[DATA FOR THE TASK Boundary: Start]
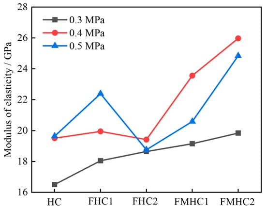 Figure 8 shows the stress–strain curves of each specimen under 0.3–0.5 MPa impact air pressure. Under the fixed impact load condition, the peak stresses of the specimens showed a significant increasing trend as the admixture approach transitions from non-admixture to single admixture, and further to binary admixture. Specifically, under the impact load of 0.3 MPa, the peak stresses of the specimens with different combinations of mineral dopants were 37.08 MPa, 40.05 MPa, 43.41 MPa, 46.92 MPa, and 48.31 MPa, and the strengths of the specimens with different combinations of mineral dopants were 8.01%, 17.07%, 26.54%, and 30.28%, respectively, compared with those of the HC specimens. FHC1, FHC2, FMHC1, and FMHC2 specimens, respectively, compared with the peak stress of HC specimens. The linear elastic phase characteristics of the stress–strain curves indicated that the dynamic modulus of elasticity showed a significant increasing trend with the improvement of the mechanical properties of concrete, with the steepness of the curve for the specimens with compounded mineral admixtures being particularly obvious. Under the influence of different impact loads, the peak stress increases with the increase in impact load. Taking HC specimens as an example, the peak stresses increased by 4.75% and 14.27% in the impact load variation interval from 0.3 to 0.5 MPa, respectively. When the impact load reaches 0.4MPa, the plastic deformation stage of each specimen begins to show a small expansion; when the load is further increased to 0.5MPa, the time for the specimen to reach the peak stress is significantly shortened, and the stress–strain curve rapidly transitions from the elastic stage to the plastic flow stage.
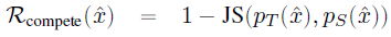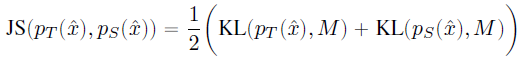 논문에서는 Jensen-Shannon divergence를 활용한 정규화 term을 추가하여 synthesized image가 student 모델과 teacher 모델의 output의 분포의 불일치를 유도합니다. Jensen-Shannon divergence는 KL divergence의 평균으로, 두 output간의 분포를 거리로 치환하여 거리를 최소화 시킴으로써 두 분포를 일치시킵니다. 하지만 본 논문에서는 이미지의 다양성을 추구해야 하므로 두 분포의 거리를 최대화 시키기 위해 Jensen-Shannon divergence 값을 1에서 뺍니다.
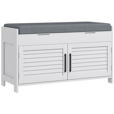 Product Name: PAGED Vintage Storage Bench with Linen Cushion, Entryway Ottoman with Storage -Dual Compartments, Shoe Bench with Safe Soft-Close Devices -White
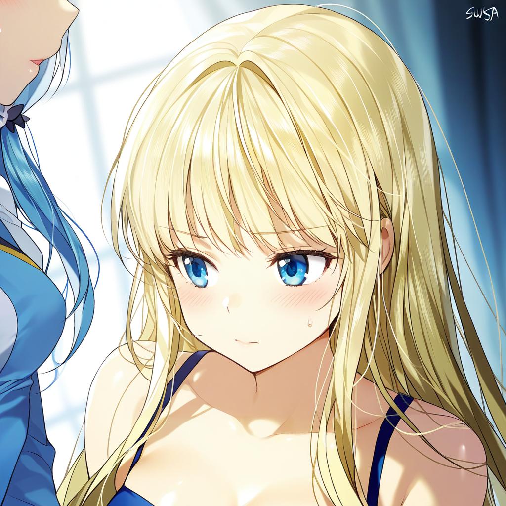 Ace trainer (pokemon), pokemon, 1girl, long hair, blonde hair, blue hair, by artist akitsuki karasu, leet
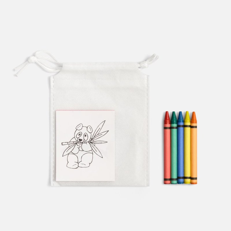 - Материал:раскраски - бумага; мелки - воск; мешочек - спанбонд, плотность 80 г/м²
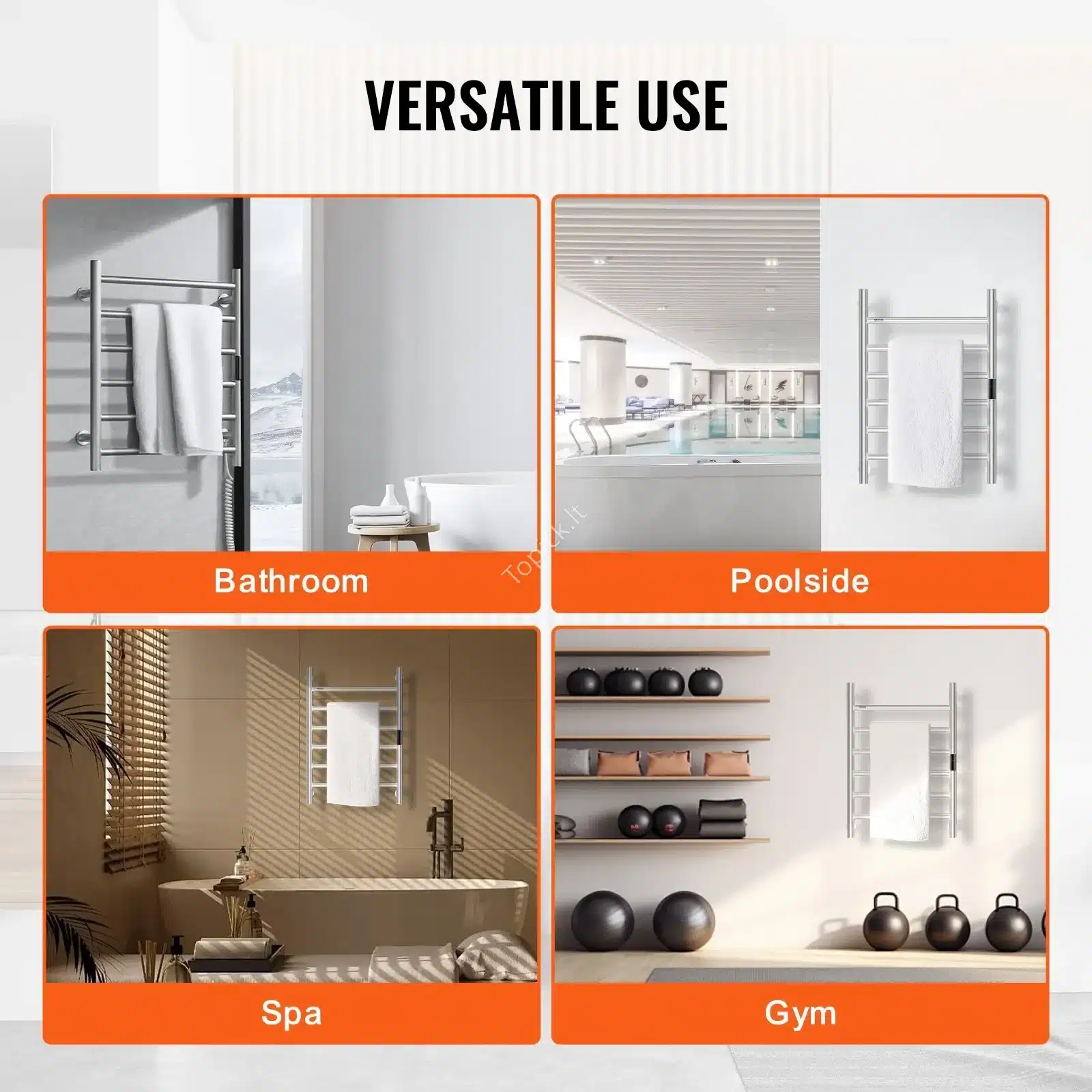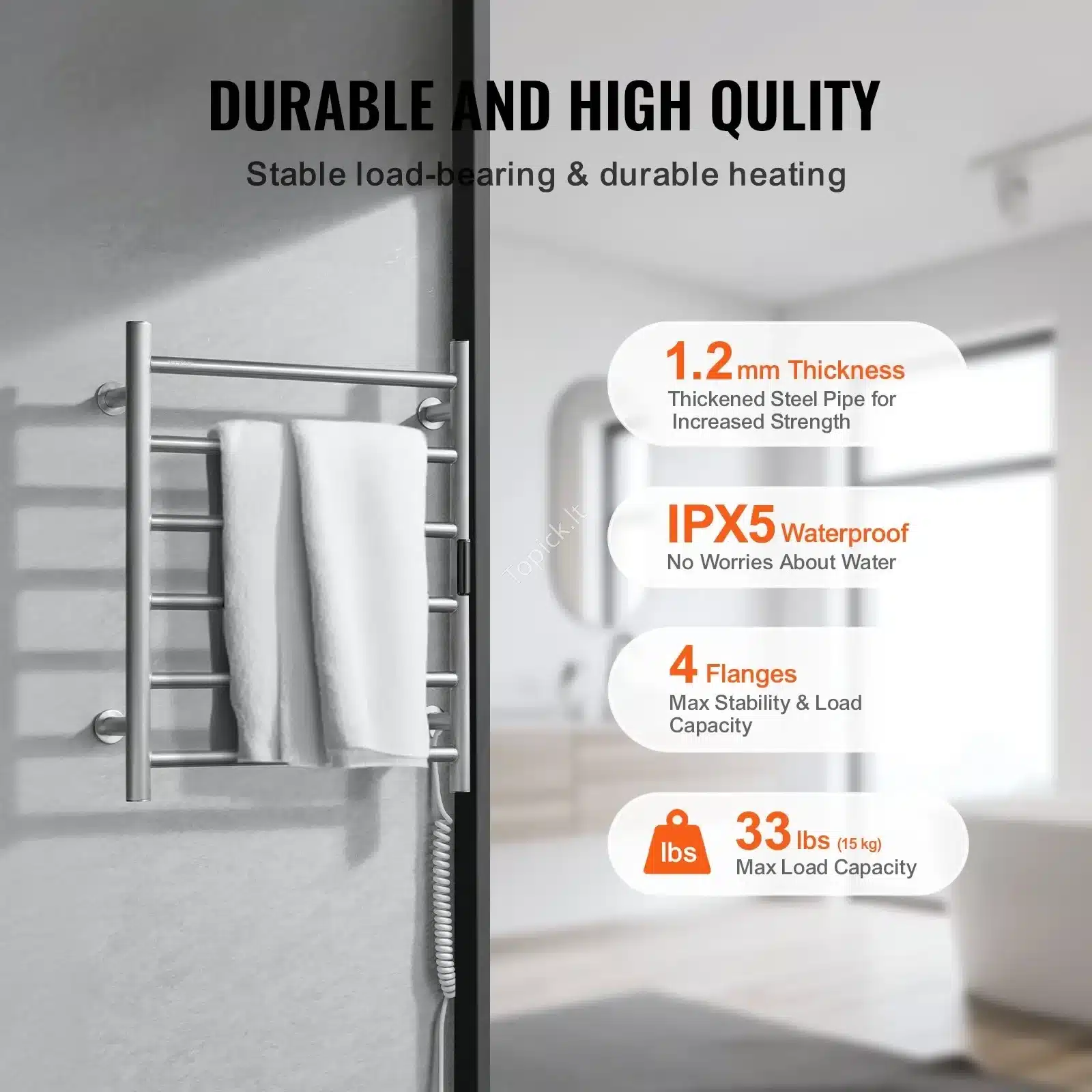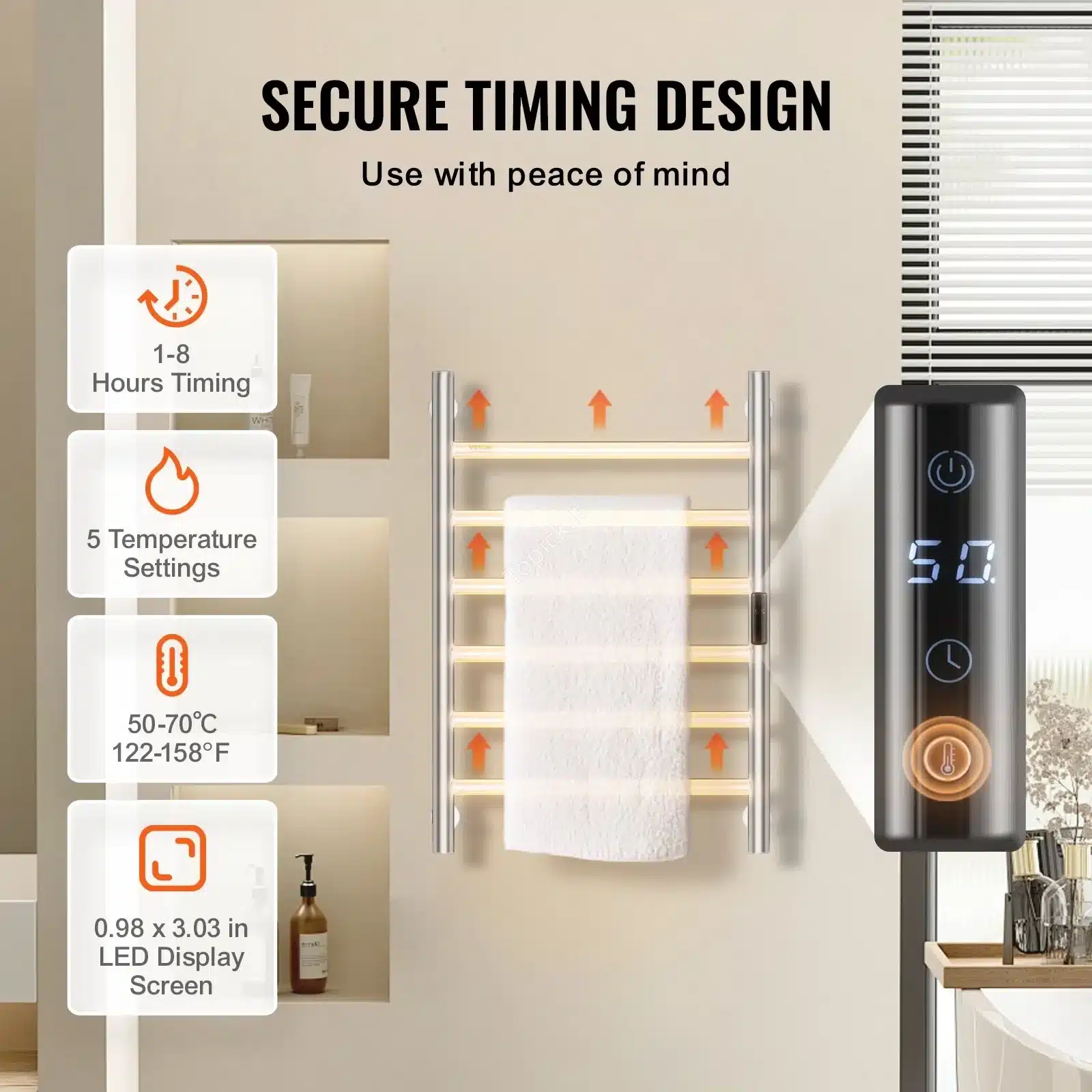- Išmanusis laikmatis Įmontuotas 1-8 valandų laikmatis leidžia nustatyti, kada prietaisas turi veikti, užtikrindamas, kad rankšluosčiai bus šilti ir sausi būtent tada, kai to norėsite, taip pat padės taupyti elektros energiją.
[DATA FOR THE TASK Boundary: End]
HOW TO COMPLETE THIS TASK
What are the lines from the one containing "Product Name: PAGED" through the end of the records? Write them out exactly, leaving out the pictures.

ANSWER TO THIS TASK
 Product Name: PAGED Vintage Storage Bench with Linen Cushion, Entryway Ottoman with Storage -Dual Compartments, Shoe Bench with Safe Soft-Close Devices -White
 Ace trainer (pokemon), pokemon, 1girl, long hair, blonde hair, blue hair, by artist akitsuki karasu, leet
 - Материал:раскраски - бумага; мелки - воск; мешочек - спанбонд, плотность 80 г/м²
- Išmanusis laikmatis Įmontuotas 1-8 valandų laikmatis leidžia nustatyti, kada prietaisas turi veikti, užtikrindamas, kad rankšluosčiai bus šilti ir sausi būtent tada, kai to norėsite, taip pat padės taupyti elektros energiją.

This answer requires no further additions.